-- Opening Marker --
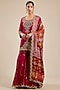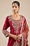 Featuring a maroon kurta in spun silk base with zardosi work. It is paired with sharara pants and a dupatta. Accentuate it with statement jhumkas, a richly embellished potli bag and classic embroidered heels for a stylish ensemble, ideal for wedding festivities or vibrant festive celebrations.
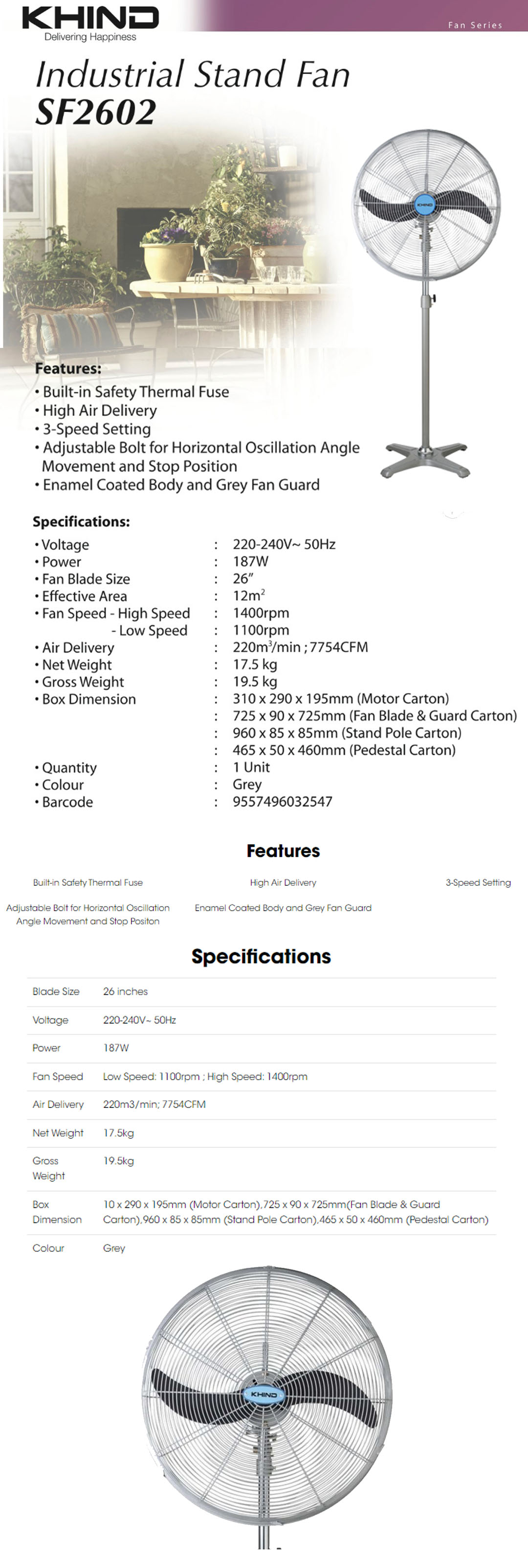 KHIND 26" Industrial Stand Fan SF2602 | Built-in Safety Thermal Fuse | 3-Speed Setting | High Air Delivery | Stand Fan with 1 Year General Warranty & 3 Years Motor Warranty
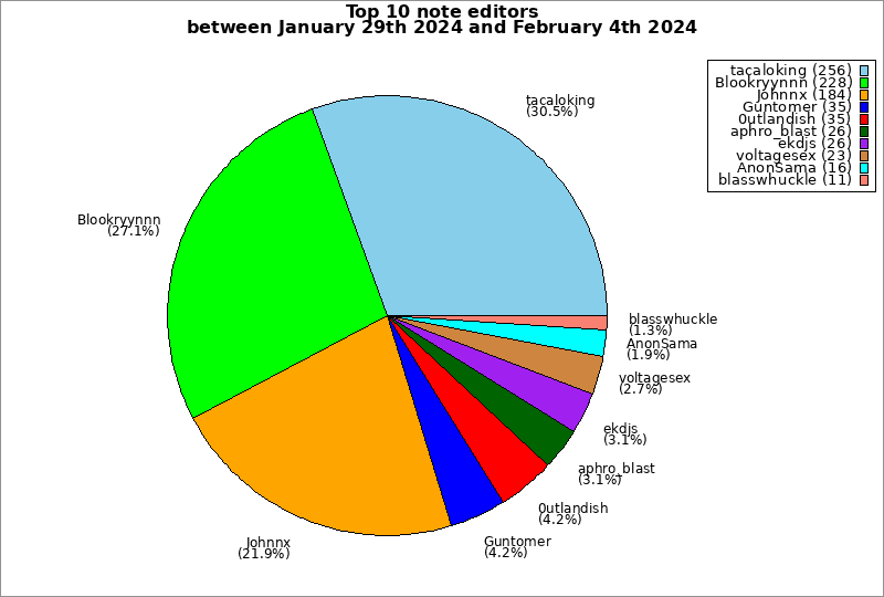 | Top 10 note editors between January 29th 2024 and February 4th 2024 | ||
-- Closing Marker --
— YOUR TASK —
If the material above contains pictures, exclude them from an otherwise exact transcription.

— ANSWER BELOW —
 Featuring a maroon kurta in spun silk base with zardosi work. It is paired with sharara pants and a dupatta. Accentuate it with statement jhumkas, a richly embellished potli bag and classic embroidered heels for a stylish ensemble, ideal for wedding festivities or vibrant festive celebrations.
 KHIND 26" Industrial Stand Fan SF2602 | Built-in Safety Thermal Fuse | 3-Speed Setting | High Air Delivery | Stand Fan with 1 Year General Warranty & 3 Years Motor Warranty
 | Top 10 note editors between January 29th 2024 and February 4th 2024 | ||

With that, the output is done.